Daily Reform, Day 192
Galatians 2:21 & Isaiah 64:4-7
From the Reformer
Who would not detest his own vows, his cowls, his shaven crown, his bearded traditions, yes, the very Law of Moses, when he hears that for such things he rejected the grace of God and the death of Christ. It seems that such a horrible wickedness could not enter a man’s heart, that he should reject the grace of God, and despise the death of Christ. And yet this atrocity is all too common. Let us be warned. Everyone who seeks righteousness without Christ, either by works, merits, satisfactions, actions, or by the Law, rejects the grace of God, and despises the death of Christ.

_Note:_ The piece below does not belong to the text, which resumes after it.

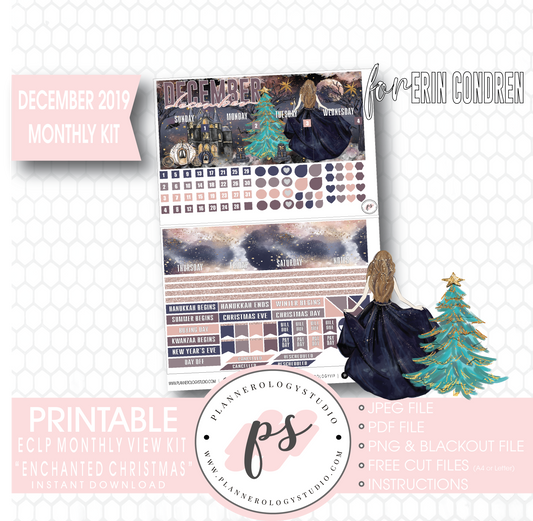 Enchanted Christmas December 2019 Monthly View Kit Digital Printable Planner Stickers (for Standard A5 Wide Monthly 1.6" Width Date Boxes)

—Martin Luther, Commentary on the Epistle to the Galatians
Pulling It Together
We try to “do good,” as we say. And there is the whole problem in a nutshell. We cannot. In an inspired and honest moment, Isaiah calls all of our righteous deeds “filthy rags.” (Isa 64:6) We do not tend to think this way. We think our good works are good indeed. But if you ever need clarification on whether a deed is truly righteous or not, consider your response when someone claims your good deed is not good. You get upset. Not good. Imagine with Isaiah your good deeds as a dirty rag. Dip your rag in some water and ring it out. Then try to clean up things with that dripping, dirty rag. All you are doing is spreading the dirt turned muddy. If you really want things cleaned up, you need help. You need someone with a clean rag. You need Jesus.